Give again, unaltered, the lines of the listing below that run from the line having "Итак: запись Выделил" through the line having "Эти семеро котят".

Start of Provided records

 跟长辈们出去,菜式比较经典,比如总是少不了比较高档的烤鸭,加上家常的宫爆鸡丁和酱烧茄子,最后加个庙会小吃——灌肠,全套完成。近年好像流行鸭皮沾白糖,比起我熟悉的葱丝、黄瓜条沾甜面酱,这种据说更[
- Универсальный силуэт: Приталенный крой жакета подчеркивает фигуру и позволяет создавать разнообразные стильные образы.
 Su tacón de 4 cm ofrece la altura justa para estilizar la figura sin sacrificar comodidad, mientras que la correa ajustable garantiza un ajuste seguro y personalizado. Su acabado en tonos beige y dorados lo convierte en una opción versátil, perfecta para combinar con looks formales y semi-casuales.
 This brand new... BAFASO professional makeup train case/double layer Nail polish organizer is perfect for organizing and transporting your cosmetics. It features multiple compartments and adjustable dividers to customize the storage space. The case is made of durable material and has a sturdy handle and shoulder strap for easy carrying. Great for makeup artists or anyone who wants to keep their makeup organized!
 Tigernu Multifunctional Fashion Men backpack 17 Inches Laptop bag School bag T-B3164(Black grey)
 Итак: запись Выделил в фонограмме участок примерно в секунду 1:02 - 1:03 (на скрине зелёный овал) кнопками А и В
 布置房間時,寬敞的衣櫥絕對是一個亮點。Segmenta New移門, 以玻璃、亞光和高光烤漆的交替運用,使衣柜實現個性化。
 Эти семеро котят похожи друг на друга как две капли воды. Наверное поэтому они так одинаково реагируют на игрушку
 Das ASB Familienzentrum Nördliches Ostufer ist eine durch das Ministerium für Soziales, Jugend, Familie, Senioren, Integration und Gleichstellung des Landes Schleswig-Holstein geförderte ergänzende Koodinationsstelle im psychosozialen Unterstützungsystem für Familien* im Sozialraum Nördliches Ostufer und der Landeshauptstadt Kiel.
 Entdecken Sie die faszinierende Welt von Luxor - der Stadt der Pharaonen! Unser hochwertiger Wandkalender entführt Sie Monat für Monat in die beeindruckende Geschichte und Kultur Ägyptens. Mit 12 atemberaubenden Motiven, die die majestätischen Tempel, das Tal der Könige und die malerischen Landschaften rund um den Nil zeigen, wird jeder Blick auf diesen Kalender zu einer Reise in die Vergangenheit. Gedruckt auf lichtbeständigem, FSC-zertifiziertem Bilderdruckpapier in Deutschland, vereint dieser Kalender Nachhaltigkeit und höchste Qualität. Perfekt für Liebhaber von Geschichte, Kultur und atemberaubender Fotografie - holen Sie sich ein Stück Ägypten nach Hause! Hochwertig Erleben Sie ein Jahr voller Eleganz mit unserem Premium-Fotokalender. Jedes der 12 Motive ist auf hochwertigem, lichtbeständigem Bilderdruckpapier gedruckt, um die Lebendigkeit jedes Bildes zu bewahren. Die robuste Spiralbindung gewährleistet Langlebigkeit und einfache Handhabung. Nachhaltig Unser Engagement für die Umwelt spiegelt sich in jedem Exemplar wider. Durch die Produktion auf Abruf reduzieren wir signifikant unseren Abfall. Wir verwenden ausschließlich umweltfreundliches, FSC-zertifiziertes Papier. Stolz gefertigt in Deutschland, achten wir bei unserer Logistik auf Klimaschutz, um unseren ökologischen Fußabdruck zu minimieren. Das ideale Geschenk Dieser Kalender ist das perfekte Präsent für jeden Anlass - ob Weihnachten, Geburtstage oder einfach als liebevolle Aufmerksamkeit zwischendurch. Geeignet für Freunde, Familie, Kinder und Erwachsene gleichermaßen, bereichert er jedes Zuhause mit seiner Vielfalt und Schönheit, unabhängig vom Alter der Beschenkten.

End of Provided records

◆ Answer space:
 Итак: запись Выделил в фонограмме участок примерно в секунду 1:02 - 1:03 (на скрине зелёный овал) кнопками А и В
 布置房間時,寬敞的衣櫥絕對是一個亮點。Segmenta New移門, 以玻璃、亞光和高光烤漆的交替運用,使衣柜實現個性化。
 Эти семеро котят похожи друг на друга как две капли воды. Наверное поэтому они так одинаково реагируют на игрушку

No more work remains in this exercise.